1.      PLC Location – Most machines have only one PLC CPU, typically located in the main control cabinet.  There are cases where multiple PLCs are utilized, often where there are several semi-independent subsystems or where autonomous operation is required.

2.      Remote I/O – On large machinery, remote I/O chasses are often used to locate the power wiring as close a possible to the devices being controlled.  This is especially useful for placing I/O in pits, on gantries or on mobile subsystems

3.      Power Circuit Checking – As noted in the power section, most machines will have several control power circuits.  It’s important for the PLC to monitor those, so a breaker trip can be detected and the machine shut down safely.  Such a trip can easily happen due to a short or failure in the field (such as burned out solenoid) and if not detected can lead to unsafe situations.  This is especially true as output power is usually grouped by I/O chassis, though I/O purpose can be scattered between chassis; this can lead to situations such as a pair of connected drive motors on separate control power circuits and if one loses power, damage can result.  To combat this, each control power circuit should be routed to a PLC input and monitored.

a.       High Voltage Power Monitoring – The PLC should also usually monitor high voltage circuits.  This is most easily accomplished with a phase monitor, which can detect loss of power, missing phases, or swapped phase conditions.  Missing phases (from bad contacts or a blown fuse) are problematic for heating and motor circuits and swapped phases will drive all motors backwards, a very unsafe condition.

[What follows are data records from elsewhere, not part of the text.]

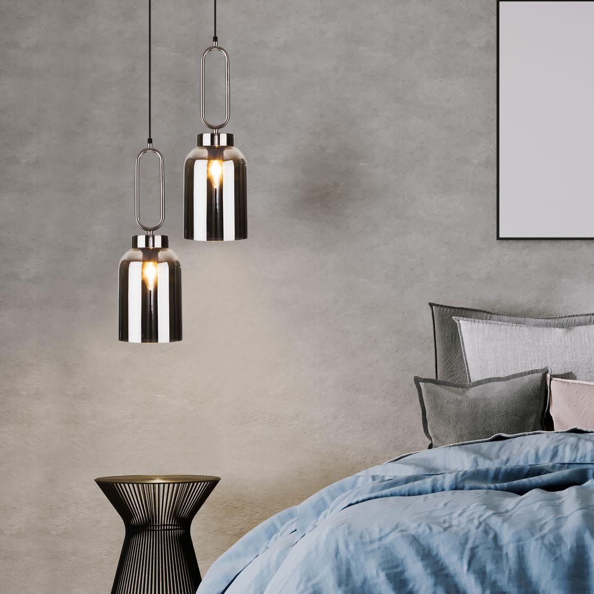 Подвесной светильник Eurosvet Flou 50229/1 дымчатый от Китайского бренда из коллекции Flou предназначен для установки на потолок в спальни в скандинавском стиле. Cветильник в форме с металлической арматурой цвета никель и дымчатого цвета плафонами из стекла предназначен для освещения 2 м2.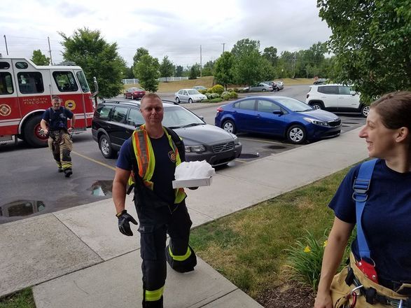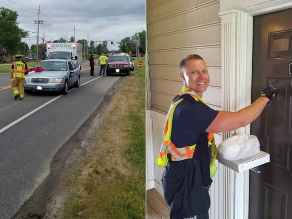 Os bombeiros do departamento de Henrietta, em Nova York, não apenas resgataram um entregador envolvido em um acidente de carro, como também levaram a pizza do delivery até o respectivo cliente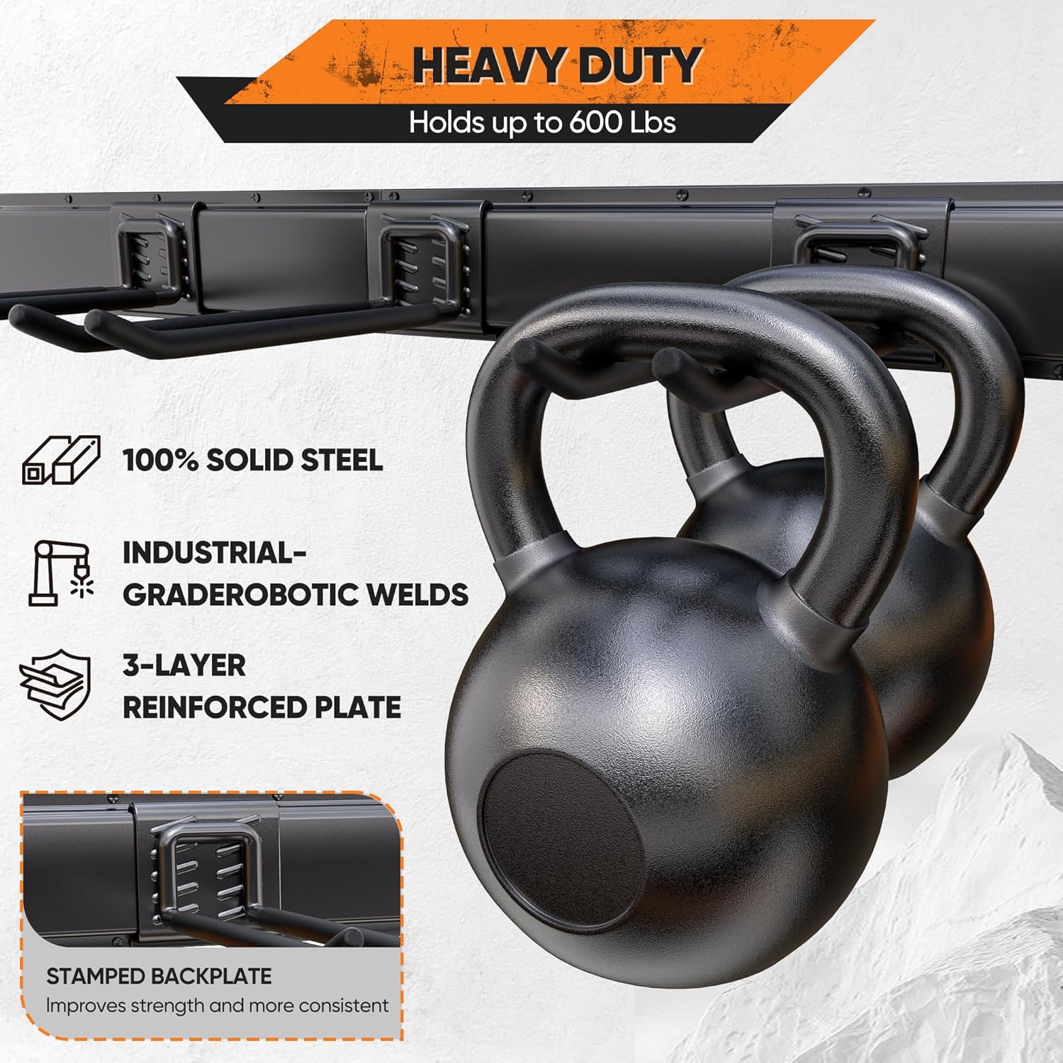 - Simple Design, Powerful Performance: Nacial garage organizer wall mount heavy duty combine simple design with ultimate durability, crafted from premium heavy-duty solid steel, supporting up to 600 lbsβtwice the strength of standard hooks. Each rail and hook features a 3-layer reinforced plate, shaped through over 20 precision steps and strengthened at high temperatures for 4 hours for superior load capacity. Nacial Simple DesignβGreat Hook Come with Great Performance

                                                             ii.      Software Basics – Traditional PLCs are programmed in ladder logic, the format used to represent relay logic for nearly 100 years.  Newer languages are available, including flow-charts, state machines, and even procedural languages such as C++ or BASIC.  This document focuses on ladder logic, as this is still the dominant language in use today.

1.      It is important to follow good programming practices, as outlined here, as PLC systems can become incredibly complex.  As PLCs have replaced traditional control relays, the internal logic complexity has escalated considerably.  When this is coupled with the constant changes experienced by PLC programs, the system can quickly get out of control unless good practices are followed.

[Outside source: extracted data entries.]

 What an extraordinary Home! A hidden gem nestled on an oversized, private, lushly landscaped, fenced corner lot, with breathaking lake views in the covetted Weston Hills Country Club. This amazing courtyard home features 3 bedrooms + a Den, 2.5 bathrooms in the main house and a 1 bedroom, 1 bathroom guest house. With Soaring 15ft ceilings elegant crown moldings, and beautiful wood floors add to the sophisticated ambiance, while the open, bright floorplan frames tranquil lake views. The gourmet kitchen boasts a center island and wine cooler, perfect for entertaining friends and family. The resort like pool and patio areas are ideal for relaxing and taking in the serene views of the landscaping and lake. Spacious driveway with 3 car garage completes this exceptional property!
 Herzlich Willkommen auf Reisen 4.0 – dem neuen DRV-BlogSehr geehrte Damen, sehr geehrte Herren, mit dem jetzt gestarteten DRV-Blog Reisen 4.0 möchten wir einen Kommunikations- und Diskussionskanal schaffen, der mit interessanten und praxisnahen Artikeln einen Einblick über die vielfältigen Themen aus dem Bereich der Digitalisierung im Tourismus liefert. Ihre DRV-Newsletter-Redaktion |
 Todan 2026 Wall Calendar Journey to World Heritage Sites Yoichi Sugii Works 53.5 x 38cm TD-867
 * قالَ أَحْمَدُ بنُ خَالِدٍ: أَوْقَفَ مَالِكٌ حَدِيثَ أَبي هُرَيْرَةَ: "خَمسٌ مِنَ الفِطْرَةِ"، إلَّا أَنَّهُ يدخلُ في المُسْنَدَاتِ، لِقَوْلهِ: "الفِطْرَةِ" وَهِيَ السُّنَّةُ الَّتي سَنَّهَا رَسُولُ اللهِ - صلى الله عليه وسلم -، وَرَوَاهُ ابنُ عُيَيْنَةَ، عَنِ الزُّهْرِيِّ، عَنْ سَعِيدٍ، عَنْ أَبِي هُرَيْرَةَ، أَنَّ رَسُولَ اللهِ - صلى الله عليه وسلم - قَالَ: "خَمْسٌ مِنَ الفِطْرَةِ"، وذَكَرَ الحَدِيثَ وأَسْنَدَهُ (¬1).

2.      Each object in a PLC program should carry a symbol and each rung or rung block should carry a comment.  Contacts should never show up in ladder without a symbol that names them; this is way too dangerous and invites the use of the incorrect contact in critical logic paths.

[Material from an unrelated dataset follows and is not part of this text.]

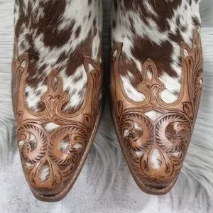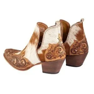MYRA Western Boho Horse Jane Tooled Leather Hairon Calf-Hair Ankle Booties 10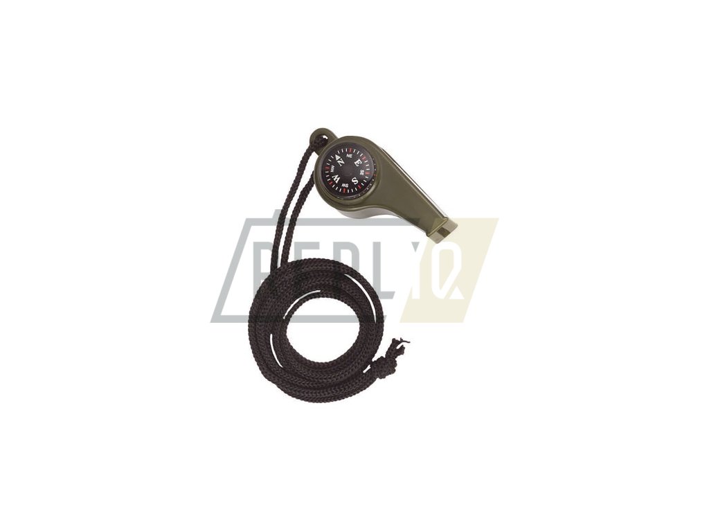 Píšťalka s vestavěným kompasem a teploměrem (upozornění: teploměr je ve stupních Fahrenheita). Včetně šňůrky.

                                                            iii.      Safety Issues

1.      E-Stop Management – The E-Stop system is critical to the safety of the machine and its personnel.  Although the E-Stop system functions separately from the PLC, the PLC is still the key controller of a machine and usually needs to be involved.

a.       E-Stop In – The PLC must monitor the E-Stop system to it can detect an E-Stop condition (which is also normally present at startup, but not always, as the PLC can be started with the E-Stop chain already picked up). 

                                                                                                                                       i.      Wire Point - This input should be wired to the COIL of the primary E-Stop relay, NOT to a contact.  This allows the PLC to detect an E-stop even if the E-Stop relay fails and the contacts do not change position.  Since the PLC will turn off all outputs upon E-Stop, this is an extra measure of safety.

b.      E-Stop Out – The PLC should be able to initiate an E-Stop if it detects various unsafe conditions.  This is done via a dry contact that obviously cannot be dependent upon the E-Stop Input (or else you could never pick up the E-Stop chain).

c.       E-Stop Usage in Ladder – The E-Stop In contact must be in EVERY rung that has an output.  This will cause all outputs to be turned off upon E-Stop detection, which is a backup in case of E-Stop relay failure and also resets all logic to a known state.

d.      Latch Logic – In general, output-driving logic in the PLC should be latching, in that a rung has a triggering mechanism and then latches on during its run.  The E-Stop In contact is in the rung, too, and can then easily open the rung to its deactivated state whenever an E-Stop occurs.  When the E-Stop is reset, the run will still require action to initiate an output; otherwise, certain rungs could automatically activate when the E-Stop is reset, a very unsafe condition.

2.      System On/Off – Many machines have the concept of being On or Off.  The On state typically starts various required subsystems, such as hydraulics and air, and enables the machine to function.  The On contact should be in every output rung, in series with the E-Stop contact.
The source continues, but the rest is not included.